In Gaza, Trump’s circle of advisors support the full expulsion of the Palestinian population and the annexation of both Gaza and the West Bank. Where these ethnically cleansed Palestinians will go remains a mystery, as Arab countries have already resisted attempts by the Biden administration and international finance to resettle them in their nations. Israeli officials have previously called on Palestinians to be expelled to Europe. Would a reckless, single-issue Trump administration consider it?

It should be noted that Biden has by and large continued Trump’s genocidal policies towards the Palestinians, even as he publicly condemned Netanyahu or made bogus election year threats to stop transferring arms to Israel. The difference may lie in Trump officials mismanaging the status quo, or target nations taking more aggressive measures due to the perception of an increased threat from the new president’s team of celebrity Zionist warmongers, such as Hegseth.

Europe

President Trump appears to have a general disdain for the European Union, a supposed US ally.

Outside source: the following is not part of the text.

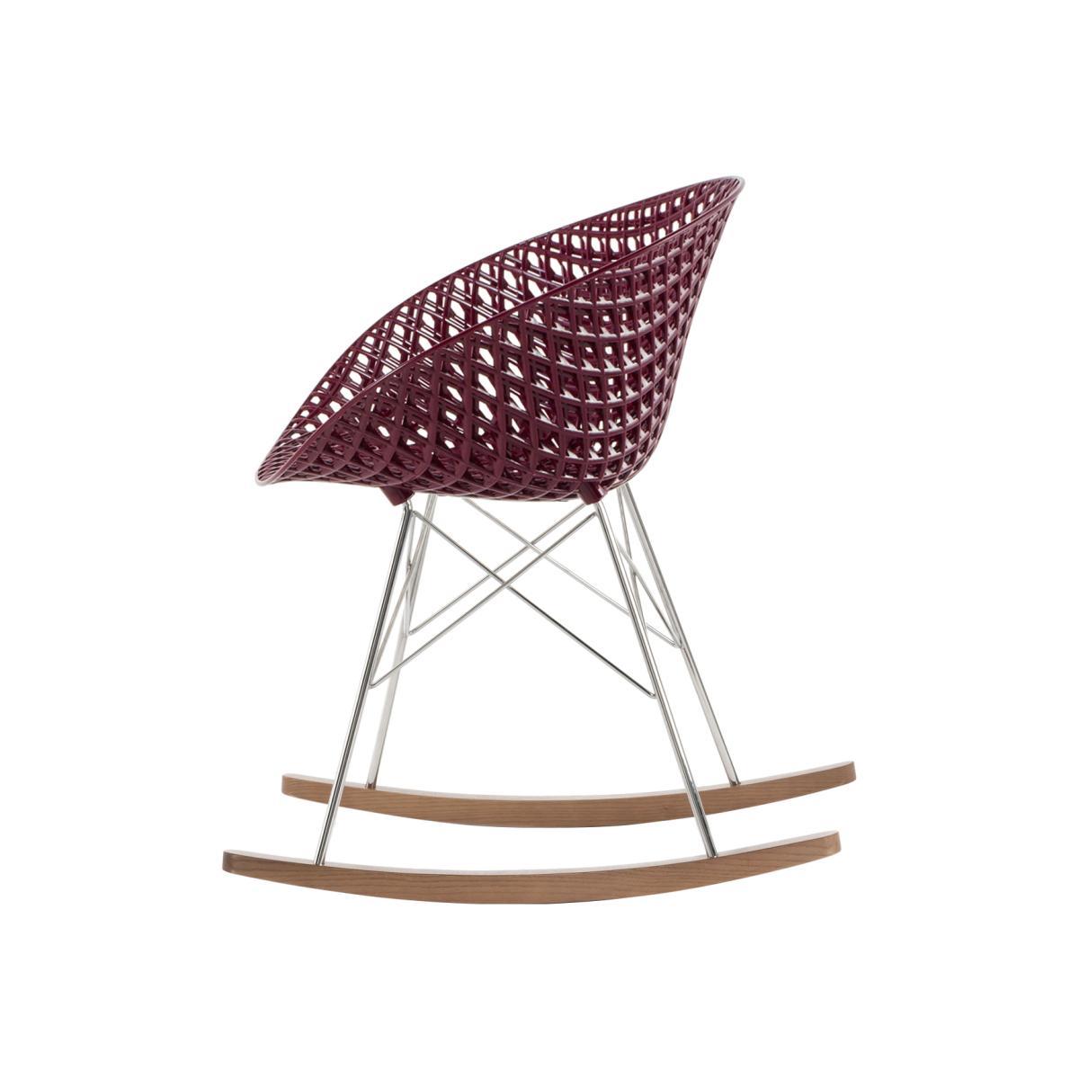 Tokujin Yoshioka presents his latest collection for Kartell: the Matrix chair. The Japanese designer has provided the brand with his creative ideas, his identity as well as his experimentation in order to offer a chair that exceeds the limits of the usual design of a product. A real work of art, this seat is available in three innovative and creative versions (a chair for indoors, outdoors and a rocking chair) which impress us equally due to their design and their technical feats. Matrix is made from an innovative 3D frame, offering an extremely sophisticated effect and a surprising visual lightness. The mould from which it is made is able to recreate a three-dimensional, overlapping and criss-crossed mesh: thanks to the special injection technology, the polycarbonate layers create a structure taking on the forms of a wire mesh. The rocking chair is therefore made up of a polycarbonate seat, a chromed steel mesh base and stained-oak finish furniture glides. By simply being there, Matrix with its clean and perfectly sophisticated lines, will enhance your room. A long study and design process has, for the first time, allowed a prodigious product made from plastic material to be created on an industrial scale. Matrix has unique features in terms of resistance, durability and flexibility defined by its exclusive manufacturing technology. The Italian brand confirms: "The combination of creative design and technological research is a part of Kartell's DNA. New materials constantly pose new challenges that the company has taken on for many years with large investments in order to surpass new limits all the time".

Aside from the wild and presumptuous plan stiffing Western Europe with the bill for Ukraine’s reconstruction, the US is expected to redouble its demand that Europe begin remilitarizing out of their own pockets. If Trump’s tariff program comes to fruition, Europe will simultaneously face economic decimation. Europe’s welfare states will likely suffer cuts in order to bolster projected increases in military spending no matter what.

Not gaining much attention is the expectations of an eager embrace of Turkey under Trump. Last spring, the Atlantic Council called on Europe to integrate itself with Turkey further in order to secure the Central Asian Middle Corridor — a new “Silk Road” circumventing Russian trade routes which China and Iran are both seeking to claim for BRICS — for the Atlanticist powers instead. This idea seems like it would be a geopolitical outcome intuitively popular in Trump’s circle.

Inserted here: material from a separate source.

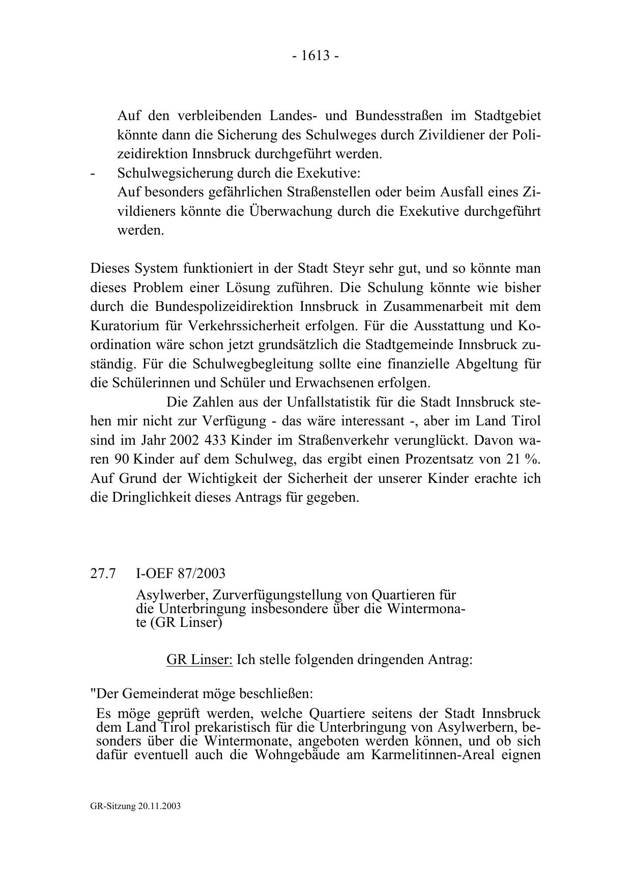 Kuratorium für Verkehrssicherheit erfolgen. Für die Ausstattung und Koordination wäre schon jetzt grundsätzlich die Stadtgemeinde Innsbruck zuständig. Für die Schulwegbegleitung sollte eine finanzielle Abgeltung für

Shortly after Trump’s election, Turkish president Recep Erdogan gave a speech to the European Political Community summit in Budapest demanding that Turkey be allowed into the European Union, a project that the EU has stalled for decades. If Turkey were to be granted EU membership, 85 million cultural and ethnic non-Europeans would instantly be given the right to flood Europe. Turkey, whose military is the second largest in NATO, has been making diplomatic overtures to BRICS, which observers believe is a negotiating tactic to force the country’s consideration for EU ascension.

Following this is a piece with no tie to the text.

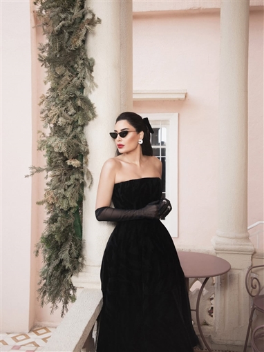 ظهرت سيرين بفستان أسود مكشوف الكتفين أبرز رشاقتها، ونسّقته مع قفازات شفافة سوداء أضافت لمسة من الفخامة، فيما اعتمدت مكياجًا هادئًا أبرز ملامح وجهها، ورفعت شعرها بالكامل إلى الخلف بأسلوب أنيق يتناسب مع الإطلالة.

Europe’s vassal like acquiescence to Washington has placed it in a war footing towards Russia, the continent’s historical protector against Near Eastern invasion, and in an alliance with Turkey, which in the 19th and 20th century killed millions of white Christians. Rather than express contrition for Turkey’s historic crimes against Europe, Erdogan is a proud advocate of Neo-Ottomanism and routinely threatens Greece with military invasion, while also being responsible for sending millions of refugees into Europe in the last two decades as a political weapon.

For Trump and company, increasing Turkey’s presence in Europe could serve as a practical solution to a lot of the problems plaguing NATO that prevent America from moving more troops to the Middle East and Pacific: weak and small militaries, inability to plausibly threaten Russia, and low civic commitment to the physical defense of Western liberal ideologies.

Depending on how faithful Trump is to his promises, his new administration could force everyday Europeans to reconsider their humiliating relationship with the United States, a view held by the rising East German wing of the Alternativ Fur Deutschland party, even if the thoroughly Atlanticist but weakening deep states of Germany and France seek to continue it.